それにも関わらずここにいるシャンサの信奉者達は、サロールに対して敵意を見せないどころか、むしろ歓迎するそぶりすら見せている。
歓迎する理由は、先ほどサロールが『溶岩人形』倒した事で、彼の実力を認めたからなのは間違いない。
彼らも『強者のみに生き残る資格がある』というイル=フェロ神の教えの信奉者である事に変わりはないようだ。
その上でサロールがシャンサに挑んでも、決して『預言者』が負けるはずがないと思っているのだろう。
確かにこんな聖地に陣取っているのならば、信仰の力を己に集めて、常人の想像を絶する力を有していたとしても不思議ではない。
テセルは並みの人間が信仰の力を集めても、それだけでは『人の器』に収まりきらず、心身共に滅びてしまうと言っていた。
だからこの世界では――この世界でも――『死後に神として崇拝される』事は一般的だが、生きている間に神として崇拝が行われるのはほとんどが詐欺師か、誇大妄想の貴族のたぐいだ――このオレが例外的存在になっているのは個人的にはいろいろと悩ましい。

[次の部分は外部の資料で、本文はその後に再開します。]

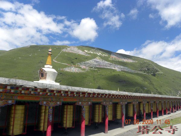 过了此处,路又变为土、石路面,崎岖不平,车摇摇晃晃前行两个多小时,来到塔公草原,“塔公”:藏语意为“菩萨喜欢的地方”,这里有藏区著名的花教寺庙--塔公寺,传说是文成公主入藏时途经此地所建,并将随身所带三尊“觉巫”送与寺庙,故它在在藏传佛教中的地位很高,据说,信教群众若不能去拉萨朝拜佛祖,但能到塔公一拜觉巫,同样是功德无量的。每年农历六月三十举行盛大的佛事活动,庆祝“释迦摩尼降魔成功”各地百姓纷纷云集朝拜、转塔、观看跳神乐舞,盛况空前。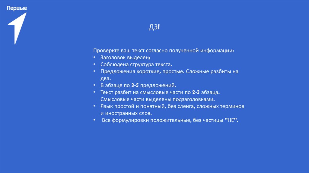 ДЗ!Проверьте ваш текст согласно полученной информации: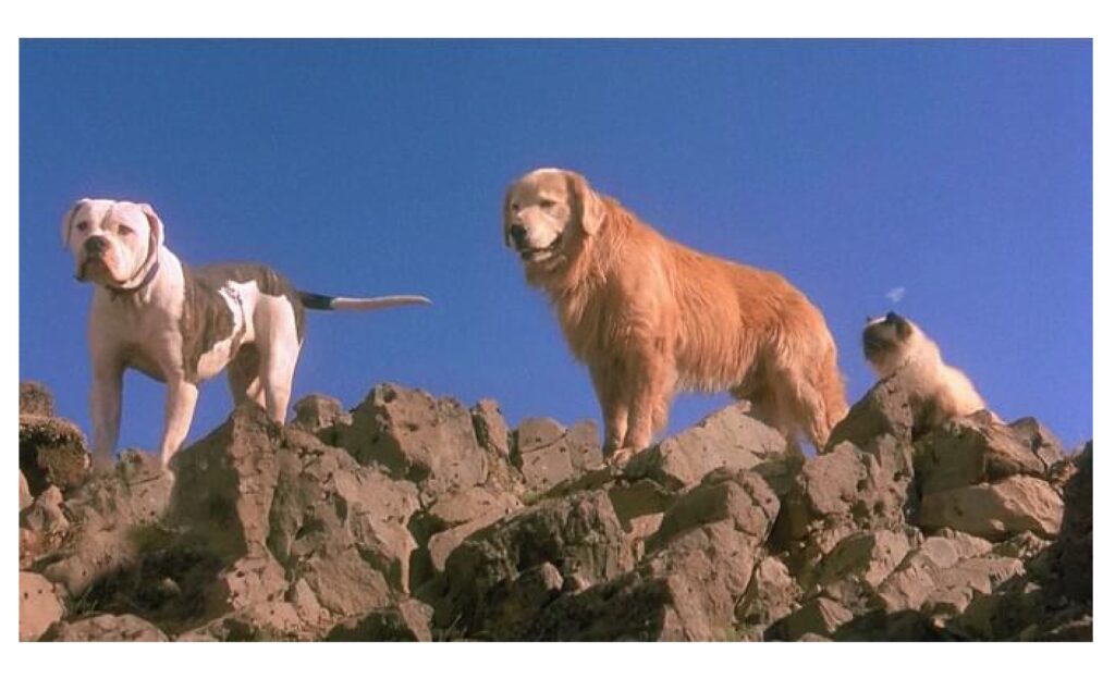An example of Loving Pride (e.g., Love and Vicarious Pride variant) felt by the audience. Chance, Shadow, and Sassy from the movie Homeward Bound: The Incredible Journey (1993).

しかし『神の代理人たる預言者』として信仰の力を一部、得るだけならば人の身でもどうにかなるかもしれない。
テセルほどの神造者ならそれぐらいは気づいているはずだ。そうすると先ほど山頂を見たときの態度もそれが理由なのだろうか?
もしもシャンサがそのような形で、力を得ているのならば、イル=フェロ信徒達をひれ伏させるのは当然だろうし、サロール一人ではどうしようもあるまい。
そんな事を考えていると、オレ達は粗末な社の前につく。
入り口の両脇には武装した見張りが立っているが、規模自体は至ってささやかなものだ。
他の地域にあるような壮麗な寺院とは比較にもならないが、それでも恒久的な建物を作る事はほとんどないイル=フェロ信徒にとっては、かなりのものなのだろう。
あとオレの『霊視』や『魔法眼』にも反応はあるが、オレの魔力が基準になってしまうので、その強さは『オレより弱い』という事しか分からず、ほとんど参考にはならない。
「テセルはこれを見て何か分かりませんか?」
「ありふれたものだが、信仰の力を呼び込むための最低限度の機能は備えられているな」
「それは神造者の様式に基づいてのものですか?」
「まあそういうことになるな」
やっぱりそうか。ここまでは予想通りだ。
そして半ば覚悟を固めていると、見張りが道を空けて中に入るようにうながす。
シャンサは護衛を必要とはしていないのか?
よほど自分の実力に自信があるのか、この社に込められた魔力や精霊が凄いのか。
とにかくオレ達一行は小さな社の中に足を踏みいれた。
ひょっとしたら建物の内部は異次元に繋がっているとか、そういう事態まで頭の片隅に置いていたけど、別にそのような事は無く一見すればただのむさ苦しい狭い部屋である。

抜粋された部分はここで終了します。